Michel Nicolau Netto - Foto: ReserchGate
               Michel Nicolau Netto - Foto: ReserchGate

Outrossim, Michel trouxe a visão do Neoliberalismo sobre o assunto, que ajuda a entender a situação:

“A ótica do neoliberalismo, muito citada e estudada por Michel Foucault traz um aspecto muito subjetivo do ser humano, onde o indivíduo é o único responsável por efetuar suas próprias ações, seja no campo econômico, ou em todas as outras maneiras de enxergar o mundo. Isto também reflete em um certo egoísmo do ser humano, que acredita que só as pessoas que estão passando pela situação devem tomar as ações para resolver estes problemas, e é claro, acarreta em um pensamento parecido sobre a população de rua, visto que observando principalmente por um olhar meritocrático, as pessoas podem acreditar que apenas o próprio mérito deve ser o fator de transformação positiva para este grupo”.

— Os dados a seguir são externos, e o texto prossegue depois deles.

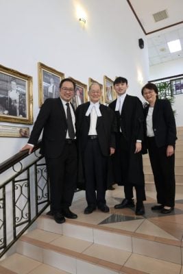 一家4人皆律师。左起为张健仁、张守江与张翰贤及陈慧宝合照。

Observando o assunto por outra ótica, é possível observar através de dados negativos, como a psicologia pode auxiliar a população a enxergar este assunto de outra maneira. Segundo dados da Fiocruz, e de outras seis universidades, sentimentos frequentes de tristeza e depressão afetavam 40% da população adulta brasileira, e sensação frequente de ansiedade e nervosismo foi relatada por mais de 50% destas pessoas no ano de 2021, estes problemas psicológicos que em suma maioria não são tratados no país, influenciam o pensamento e as atitudes da população com relação as pessoas em situação de rua, conforme explica o estudante de psicologia da PUC-SP, Davi Ruiz:

“Uma sociedade doente mentalmente que não busca olhar pra suas próprias questões mal resolvidas, dificilmente será capaz de olhar para a dor do outro, já que a nossa sociedade contemporânea puxa o indivíduo para olhar apenas para si mesmo”

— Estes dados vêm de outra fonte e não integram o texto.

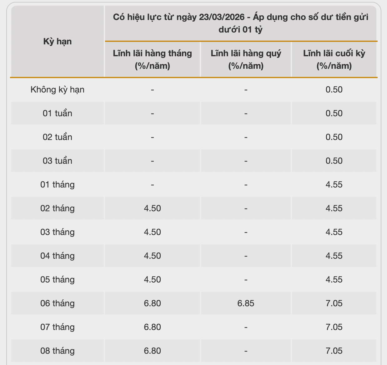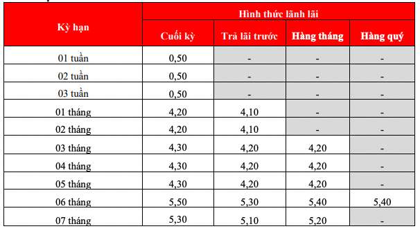 Following suit, HDBank with an interest rate of 7.7% for a 12-month term, conditions for maintaining a minimum balance of 500 billion VND. Under normal conditions, HDBank lists the highest 12-month interest rate at 5.8% when customers deposit money online and 5.7% when depositing money at the counter.

Davi Ruiz - Foto: Instagram
                       Davi Ruiz - Foto: LinkedIn

Davi também trouxe a questão do neoliberalismo para o assunto:

“O sistema neoliberal capitalista contribui pra um esgotamento mental e para esse egoísmo no qual vivemos atualmente. Neste sistema, que acarreta em uma série de transtornos mentais, tornam o indivíduo voltado apenas para si próprio, tanto por trazer uma grande realização pessoal ao atingir os seus objetivos, como por uma grande frustração por não atingir este mesmo êxito. E a terapia/psicologia podem ser um refúgio extremamente positivo para que o indivíduo possa externalizar estas angústias, tendo um olhar menos egocêntrico sobre a sociedade, e as pessoas em situação de rua, e mais coletivo”.

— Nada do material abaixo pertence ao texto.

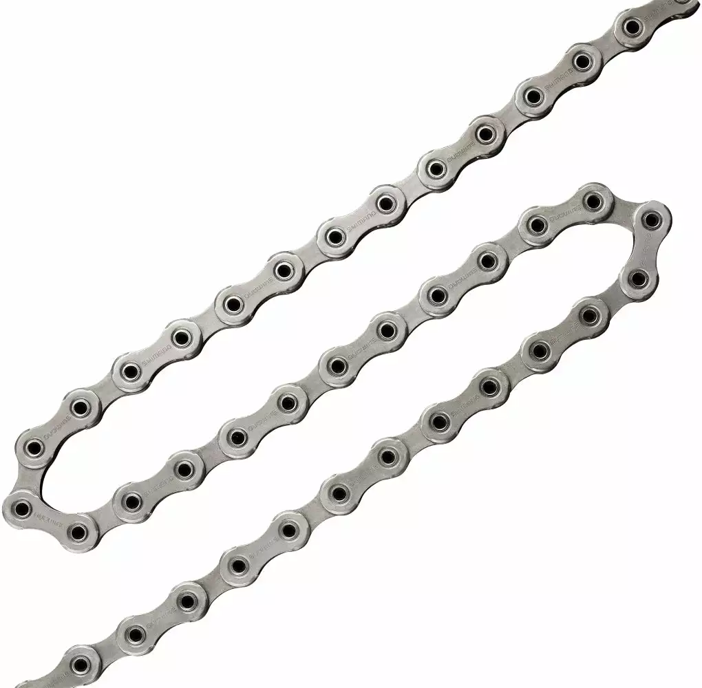 Shimano 11-speed CN-HG901. This directional chain features a special asymmetric plate design and Shimano’s new SIL-TEC surface treatment which gives you a quieter ride, increased chain life and better performance.

Desta forma, observando por estes dois aspectos, é possível ao menos ter a ciência de que existem explicações sobre o por que a sociedade lida com esta circunstância de maneira tão egoísta, trazendo a responsabilidade do auxílio as pessoas em situação de rua apenas para ONGS, instituições religiosas, e para o governo. Porém, isto não isenta a população de se omitir tanto em meio a este assunto, visto que mesmo em meio a todas estas condições que colaboram para que as pessoas venham a ser cada vez mais individualistas, ainda é deplorável que a sociedade venha se isentar tanto dessa responsabilidade, e mais do que isso, venha aceitar que a população de rua se mantenha vivendo em situações completamente desumanas.